A Taxonomy for Design and Evaluation of Prompt-Based Natural Language Explanations
This work addresses the problem of improving AI governance and transparency for researchers, auditors, and policymakers, but it is incremental as it adapts existing XAI literature to a new context.
The authors tackled the need for structured approaches to evaluate prompt-based natural language explanations in AI by developing a taxonomy across context, generation, and evaluation dimensions, providing a framework for stakeholders to enhance transparency.

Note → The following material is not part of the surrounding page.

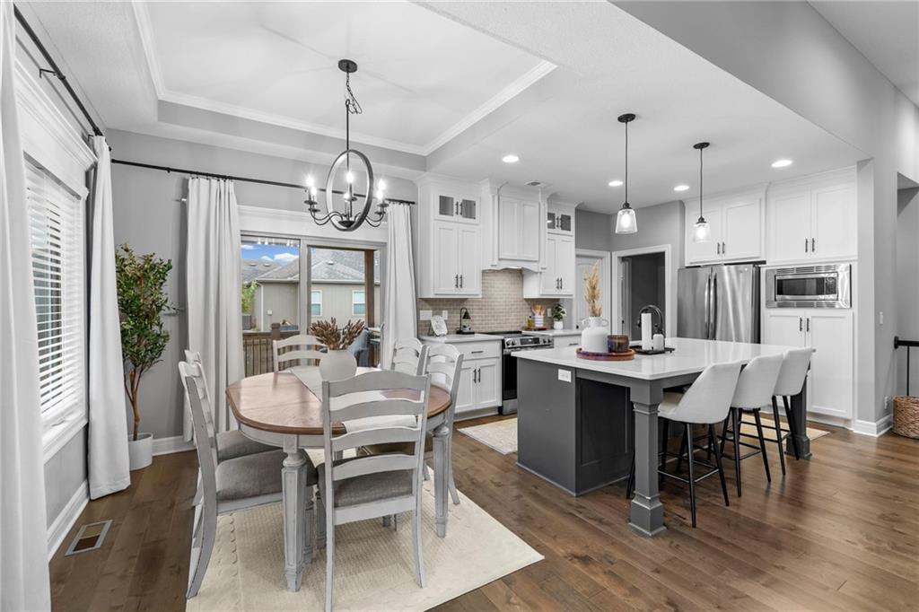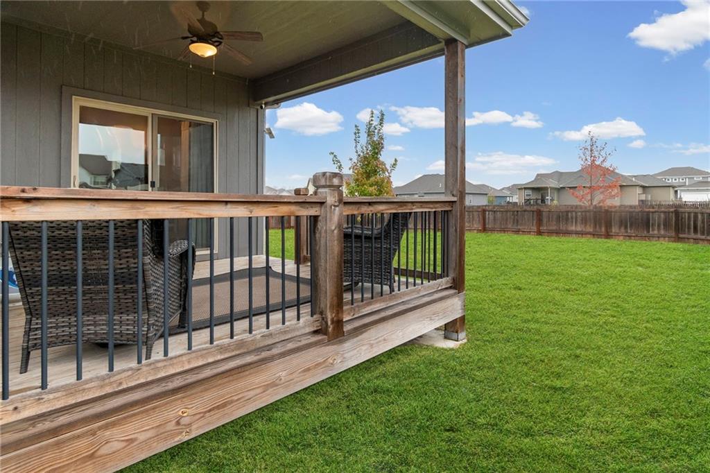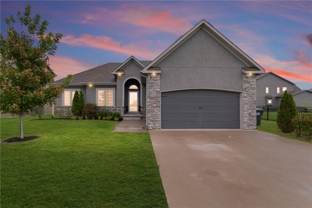 Meet Maggie, our adorable long-haired miniature dachshund and proud mascot — you’ll spot her in two of the listing photos, ready to give you a warm welcome home! This charming 5-bedroom, 3-bath ranch offers the perfect blend of comfort and style. The great room features soaring ceilings and a cozy gas fireplace, creating an inviting space to relax. The kitchen boasts beautiful wood cabinets, granite countertops, and an oversized island with a breakfast bar — ideal for entertaining. A separate dining area opens to a covered patio with a ceiling fan, perfect for outdoor enjoyment. The primary suite showcases a 10-foot tray ceiling, a spacious walk-in closet, and a luxurious bath with ample storage, a soaking tub, and a separate shower. Two additional bedrooms and a full bath are located off the great room. The finished basement adds even more living space, featuring a large rec room, two bedrooms, and a shared full bath. With laundry hookups on both the main level and in the garage, a two-car garage, a sprinkler system, and access to nearby parks, walking trails, and community amenities — this home has it all. Maggie says, “Welcome home — you’re going to love it here!”

Effective AI governance requires structured approaches for stakeholders to access and verify AI system behavior. With the rise of large language models, Natural Language Explanations (NLEs) are now key to articulating model behavior, which necessitates a focused examination of their characteristics and governance implications. We draw on Explainable AI (XAI) literature to create an updated XAI taxonomy, adapted to prompt-based NLEs, across three dimensions: (1) Context, including task, data, audience, and goals; (2) Generation and Presentation, covering generation methods, inputs, interactivity, outputs, and forms; and (3) Evaluation, focusing on content, presentation, and user-centered properties, as well as the setting of the evaluation. This taxonomy provides a framework for researchers, auditors, and policymakers to characterize, design, and enhance NLEs for transparent AI systems.